Patten must prioritise human rights - CAJ



A leading human rights organisation, the Committee on the Administration of Justice (CAJ) has published a report urging Chris Patten to ``hammer home the need for police change''.

The Belfast-based CAJ based its findings on a cross-community conference on policing to make a series of recommendations for reform. The report, titled ``The Agreement and a new beginning to policing in Northern Ireland'', provides details on the approach taken to policing in other countries around the world, draws on international human rights standards relevant to policing and makes a whole series of recommendations which they say are ``designed to secure a police service which is accountable, representative and protects human rights''. The report provides concrete proposals on issues such as training, the creation of a representative police service, civilianisation, an effective civilian oversight body, and legal and procedural mechanisms to secure the accountability of the Chief Constable. The CAJ says the intention of the conference and subsequent report is to develop a number of human rights benchmarks for policing. These benchmarks come under five main headings and include the following:

Composition, Recruitment and Training


Affirmative action may be needed to redress current religious imbalance in the makeup of the RUC, while a timetable for change in the composition; a new policing oath and greater civilian involvement in policing were possible.
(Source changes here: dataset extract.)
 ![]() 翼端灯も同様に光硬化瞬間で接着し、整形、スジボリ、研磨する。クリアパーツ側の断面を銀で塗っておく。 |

The size of the force would decline.

The protection of human rights, if a ``guiding principle'' could be ``unifying''.

Culture, Ethos and Symbols


A possible register of officers' outside interests (such as the Orange Order and Ancient Order of Hibernians). Calls for such membership to be banned were balanced against a right to privacy.
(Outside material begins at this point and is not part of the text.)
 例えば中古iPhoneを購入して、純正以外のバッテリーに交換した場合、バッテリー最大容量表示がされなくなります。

The need to address how within the RUC ``alienated'' part of the community, while avoiding ``token'' changes.

Police should full comply with employment legislation enforcing a neutral working environment.

Structures and Management


A greater ``civilianisation'' of policing, with proposals for new structural models for the police (along regional or functional lines) to have legal and democratic accountability.

Accountability


The current complaints system ``must be seriously overhauled''. The inquest system was described as a ``crucial mechanism for police accountability, which is currently inadequate.

Human rights benchmarks suggested that emergency law ``must go''.

Management of Change


The policing commission should ``seek to secure widespread political and public support for the need for change'' and ``offer neither cosmetic change nor change for change's sake''.

The pain of those who lost loved ones serving in the RUC and those who had relatives killed by the RUC must be treated with equal respect.

The Commission must look at the handling of past policing controversies, with new reforms bringing ``real change on the ground''.

 


CAJ spokesperson Martin O'Brien said ``We have published this report now as a contribution to the public debate on policing and to assist the Patten Commission in its work. The report provides important benchmarks against which the public will be able to measure the recommendations of the Commission when its report is ultimately published in September.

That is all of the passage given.